◆ Your instructions ◆
Restate the listing below word for word, omitting any images.

---------- Listed entries

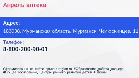 Апрель, аптека по адресу 183038, Мурманская область, Мурманск, Челюскинцев, 11 в дальнейшем Организация, размещена в следующих категориях:
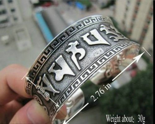 Sztywna bransoletka typu bangla, wykonana z tybetańskiego srebra. Grawerowana w chińskie znaki.
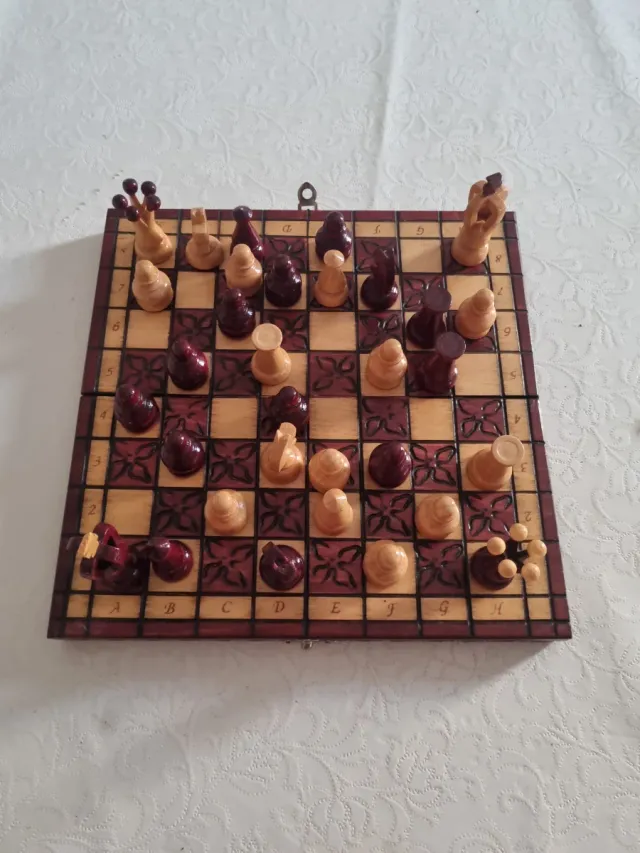 Dettagli del prodottoScacchiera in legno, un pezzo originale degli anni 2000. Perfetta per gli appassionati di scacchi.
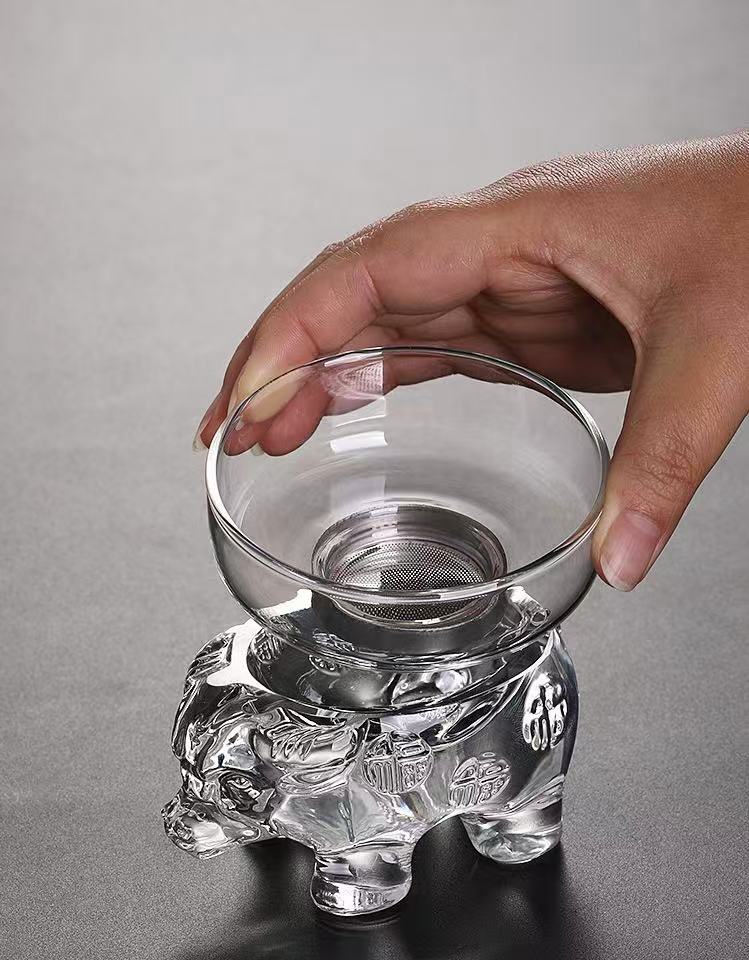 Lọc trà thủy tinh cao cấp hình trâu màng lọc inox 304 bền đẹp LT06
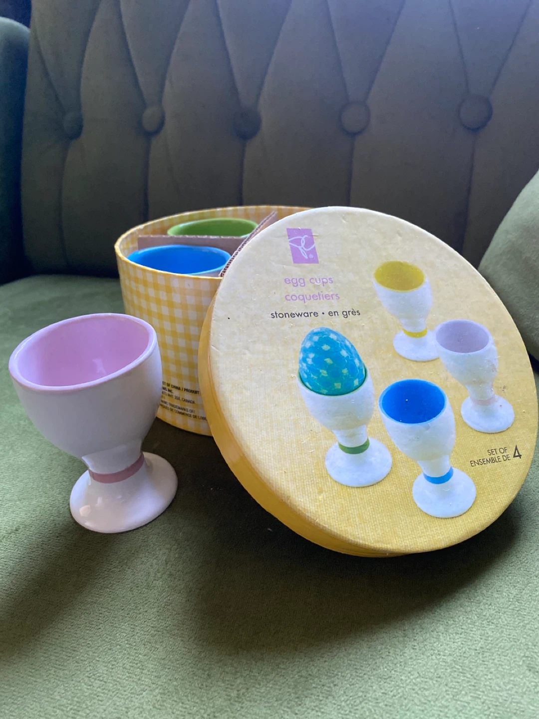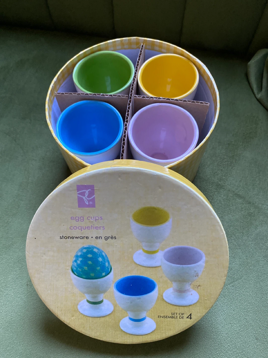 Selling a set of 4 egg cups made of stoneware. They come in a variety of colors: green, yellow, blue, and lavender. The set includes the original box never used vintage
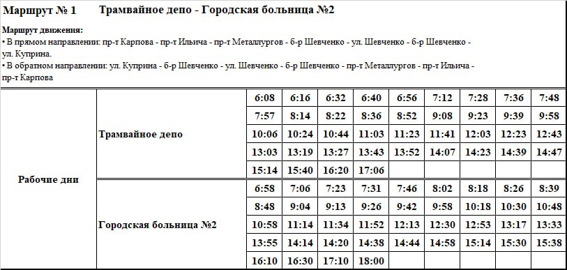 Актуальное расписание трамвайного маршрута №1 «Трамвайное депо - Городская больница №2» на 21.01.2026 г.
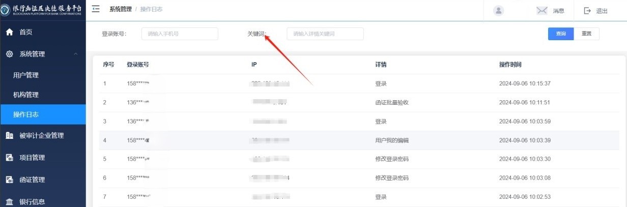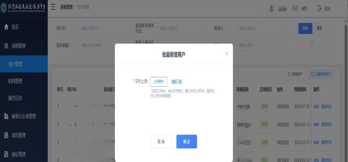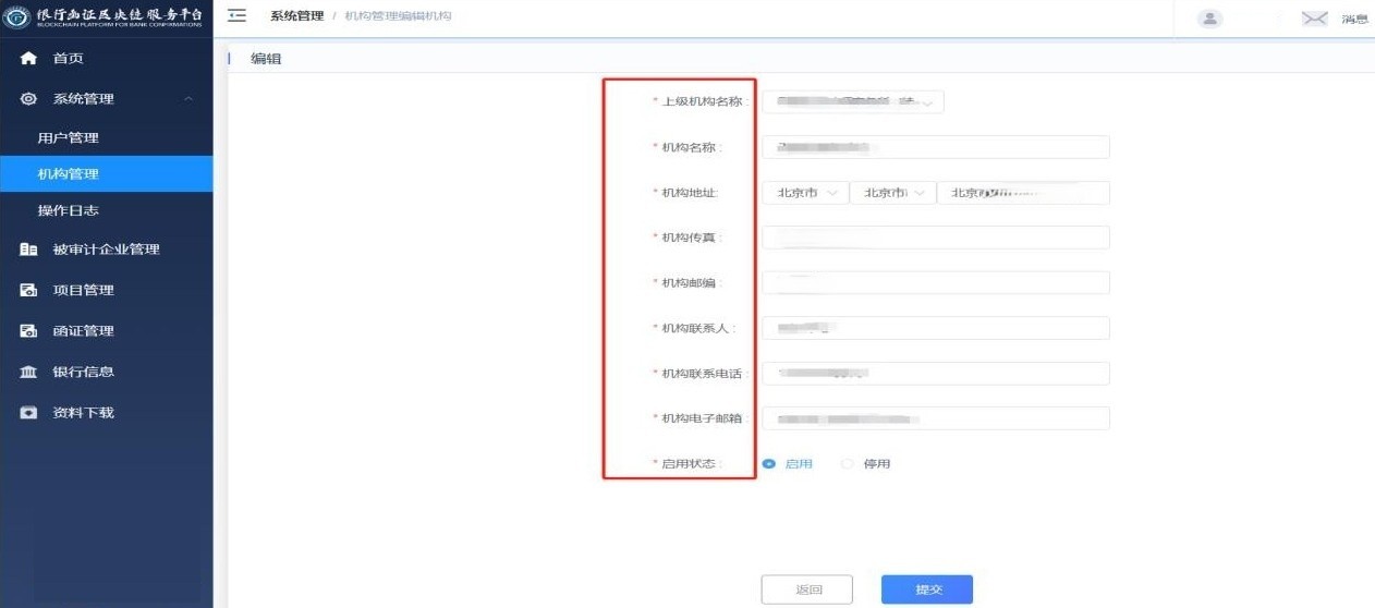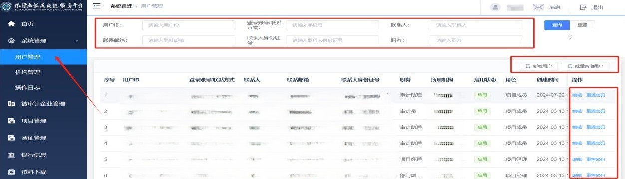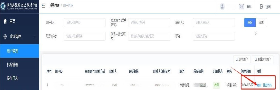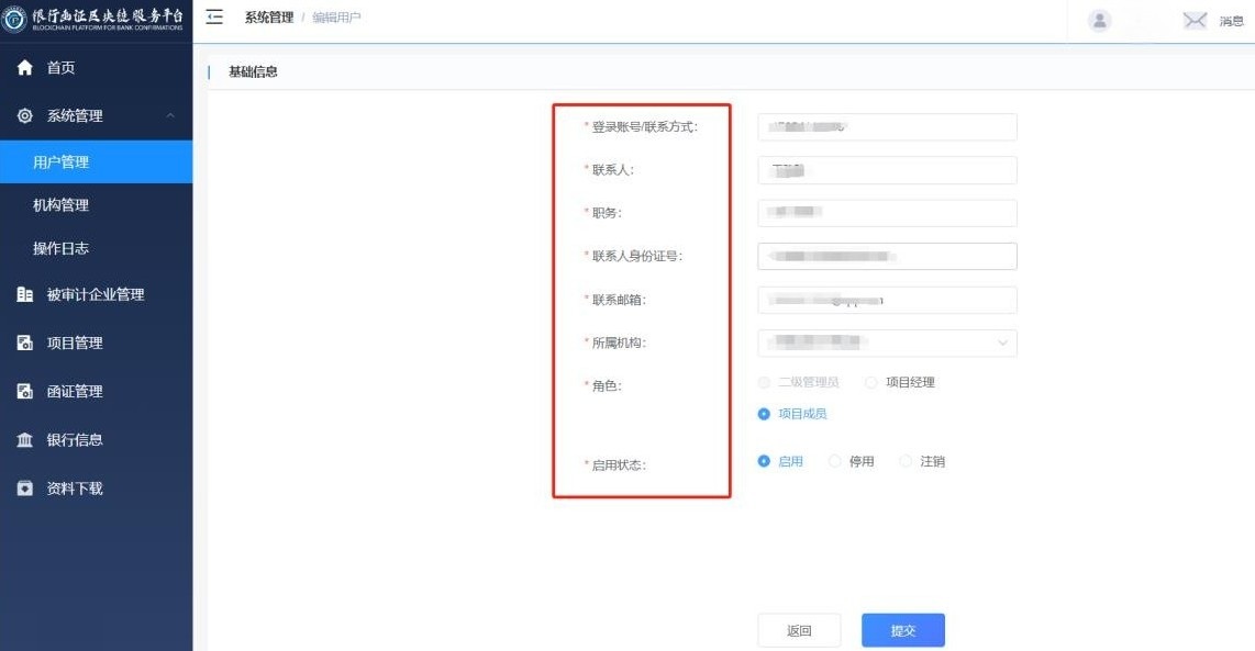 “启用状态”说明:当用户“启用状态”设置为“启用”时,可正常登录“银行函证区块链服务平台”;当用户“启用状态”设置为“停用”时,用户需要联系系统管理员恢复为启用状态后,才能正常登录系统;若系统管理员将用户“启用状态”设置为“注销”,则该用户不可登录“银行函证区块链服务平台”,且不可恢复。
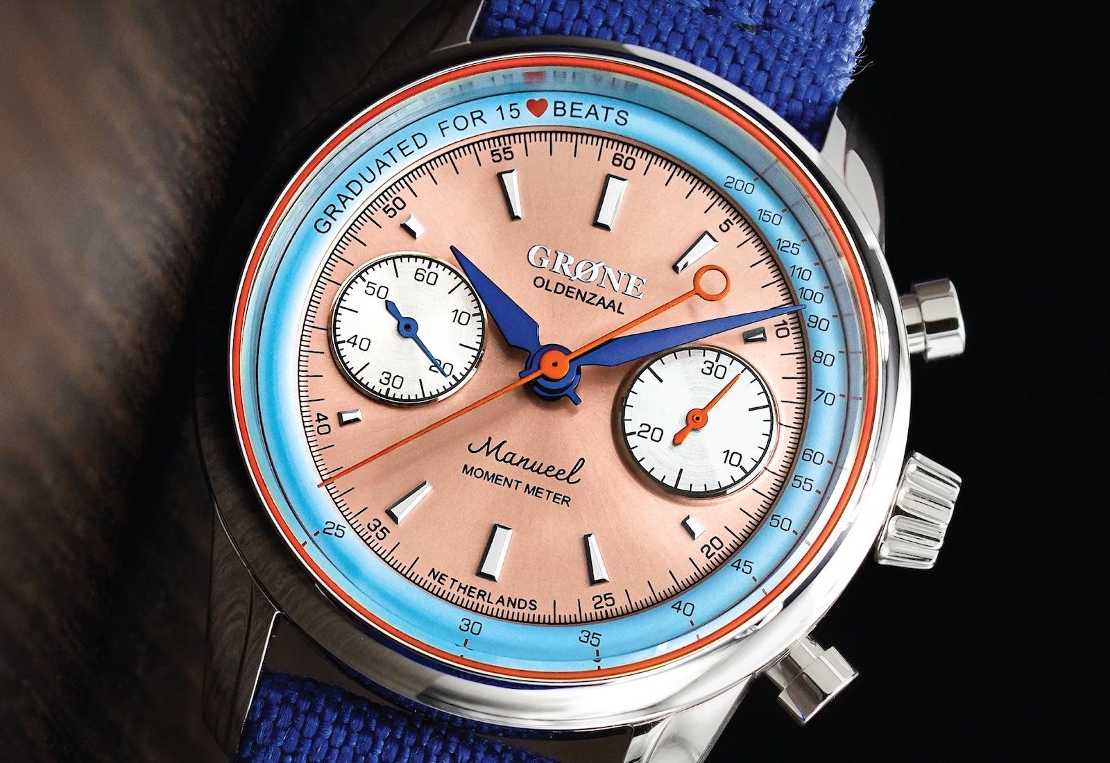 The Dutch watch scene, while loved in some circles, doesn’t seem to get the respect it so much deserves. Which is really weird, when you consider how impactful it is. Fratello and Monochrome, two of the top five online watch publications are based in the Netherlands. ACE Jewelers from Amsterdam is one of the most prolific drivers of watch collaborations in the market. And then there’s the brands and watchmakers, ranging from affordable but fantastically designed Batavi, through De Rijke, all the way up to Holthinrichs, the incredible Christian van der Klaauw and Grönefeld. They really do have it all. And another band joined the fray last year — Grøne Oldenzaal — a brand that’s not brand new, but rather started by the Grönefeld brothers as an accessible alternative to their higher end creations. It marries their style and attention to detail with off-the-shelf movements for a lower price tag. Previously they released the Manueel One, their three-hander. Now, we’re getting the Grøne Oldenzaal Moment Meter, their take on the chronograph with some great colors.

--------------------

◆ Response ◆
 Апрель, аптека по адресу 183038, Мурманская область, Мурманск, Челюскинцев, 11 в дальнейшем Организация, размещена в следующих категориях:
 Sztywna bransoletka typu bangla, wykonana z tybetańskiego srebra. Grawerowana w chińskie znaki.
 Dettagli del prodottoScacchiera in legno, un pezzo originale degli anni 2000. Perfetta per gli appassionati di scacchi.
 Lọc trà thủy tinh cao cấp hình trâu màng lọc inox 304 bền đẹp LT06
 Selling a set of 4 egg cups made of stoneware. They come in a variety of colors: green, yellow, blue, and lavender. The set includes the original box never used vintage
 Актуальное расписание трамвайного маршрута №1 «Трамвайное депо - Городская больница №2» на 21.01.2026 г.
 “启用状态”说明:当用户“启用状态”设置为“启用”时,可正常登录“银行函证区块链服务平台”;当用户“启用状态”设置为“停用”时,用户需要联系系统管理员恢复为启用状态后,才能正常登录系统;若系统管理员将用户“启用状态”设置为“注销”,则该用户不可登录“银行函证区块链服务平台”,且不可恢复。
 The Dutch watch scene, while loved in some circles, doesn’t seem to get the respect it so much deserves. Which is really weird, when you consider how impactful it is. Fratello and Monochrome, two of the top five online watch publications are based in the Netherlands. ACE Jewelers from Amsterdam is one of the most prolific drivers of watch collaborations in the market. And then there’s the brands and watchmakers, ranging from affordable but fantastically designed Batavi, through De Rijke, all the way up to Holthinrichs, the incredible Christian van der Klaauw and Grönefeld. They really do have it all. And another band joined the fray last year — Grøne Oldenzaal — a brand that’s not brand new, but rather started by the Grönefeld brothers as an accessible alternative to their higher end creations. It marries their style and attention to detail with off-the-shelf movements for a lower price tag. Previously they released the Manueel One, their three-hander. Now, we’re getting the Grøne Oldenzaal Moment Meter, their take on the chronograph with some great colors.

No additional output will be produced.